MATERIAL TO PROCESS:
****

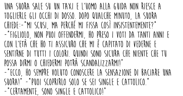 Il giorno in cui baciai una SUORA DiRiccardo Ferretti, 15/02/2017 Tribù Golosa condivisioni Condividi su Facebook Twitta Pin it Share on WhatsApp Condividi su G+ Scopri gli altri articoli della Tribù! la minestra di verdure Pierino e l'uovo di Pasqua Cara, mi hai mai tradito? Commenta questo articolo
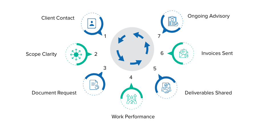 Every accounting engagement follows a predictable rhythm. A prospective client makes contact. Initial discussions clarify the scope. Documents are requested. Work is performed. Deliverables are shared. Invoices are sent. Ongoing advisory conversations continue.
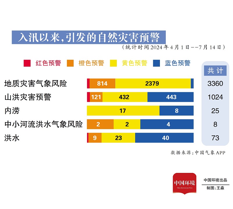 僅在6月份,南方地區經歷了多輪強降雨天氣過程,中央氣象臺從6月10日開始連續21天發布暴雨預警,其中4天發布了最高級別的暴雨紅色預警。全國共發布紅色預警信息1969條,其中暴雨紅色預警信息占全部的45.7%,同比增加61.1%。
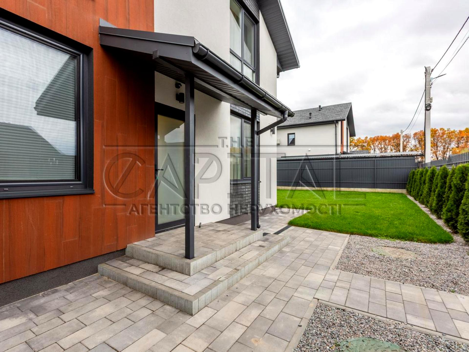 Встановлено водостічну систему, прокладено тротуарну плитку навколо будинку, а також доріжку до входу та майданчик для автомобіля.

****

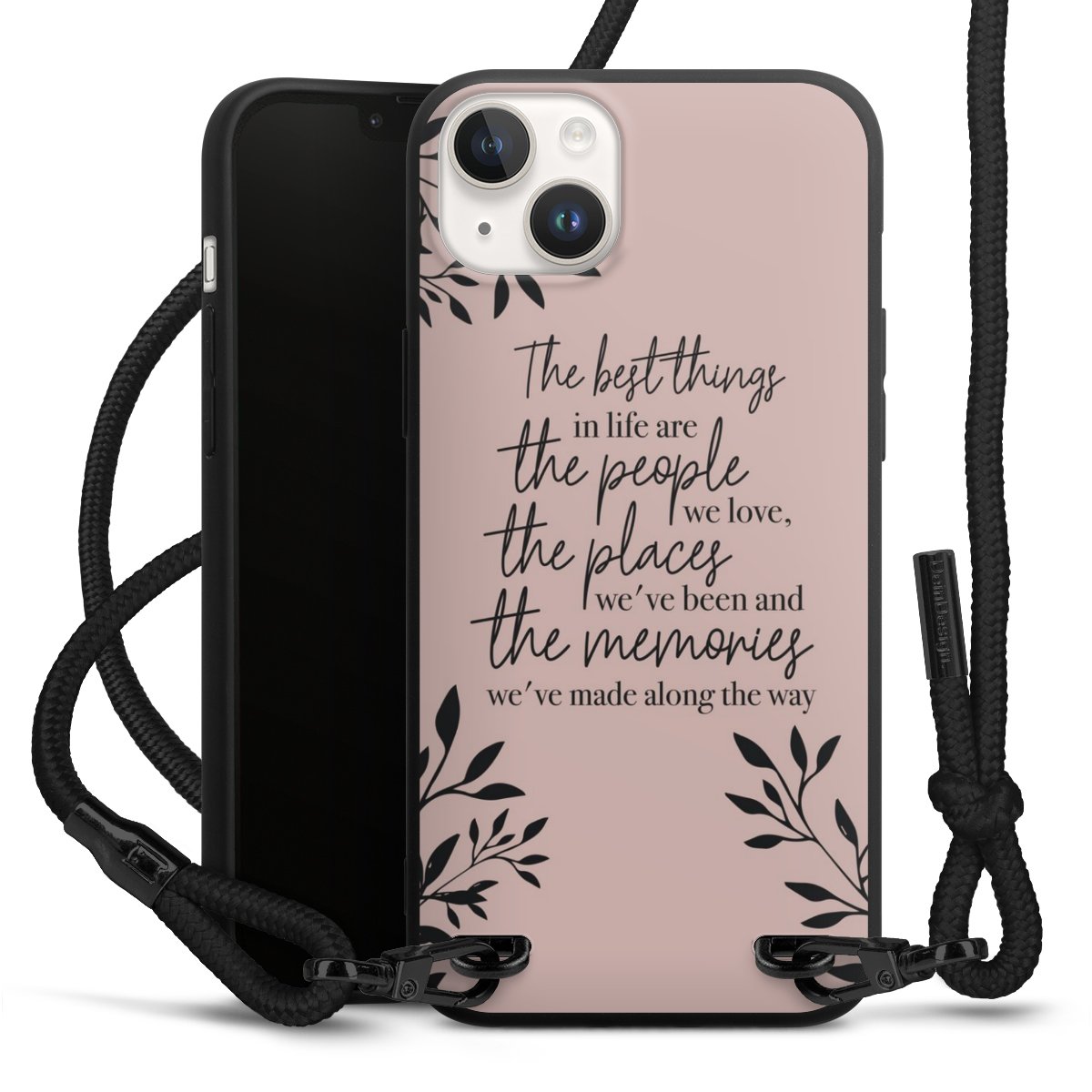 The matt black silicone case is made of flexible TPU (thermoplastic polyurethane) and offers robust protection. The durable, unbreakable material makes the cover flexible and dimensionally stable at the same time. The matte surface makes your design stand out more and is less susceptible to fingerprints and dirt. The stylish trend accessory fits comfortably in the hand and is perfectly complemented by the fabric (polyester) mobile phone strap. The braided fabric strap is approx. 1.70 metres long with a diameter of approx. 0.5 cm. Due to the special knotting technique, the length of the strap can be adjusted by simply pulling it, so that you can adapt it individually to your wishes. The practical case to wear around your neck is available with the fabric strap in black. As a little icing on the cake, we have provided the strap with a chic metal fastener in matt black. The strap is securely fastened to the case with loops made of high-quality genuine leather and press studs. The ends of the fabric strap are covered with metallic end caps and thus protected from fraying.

****

TASK TO CARRY OUT: Give back, exactly and without pictures, the stretch of the records above from the line containing "Every accounting engagement" through the line containing "Встановлено водостічну систему, прокладено", with both end lines included.

OUTPUT:
 Every accounting engagement follows a predictable rhythm. A prospective client makes contact. Initial discussions clarify the scope. Documents are requested. Work is performed. Deliverables are shared. Invoices are sent. Ongoing advisory conversations continue.
 僅在6月份,南方地區經歷了多輪強降雨天氣過程,中央氣象臺從6月10日開始連續21天發布暴雨預警,其中4天發布了最高級別的暴雨紅色預警。全國共發布紅色預警信息1969條,其中暴雨紅色預警信息占全部的45.7%,同比增加61.1%。
 Встановлено водостічну систему, прокладено тротуарну плитку навколо будинку, а також доріжку до входу та майданчик для автомобіля.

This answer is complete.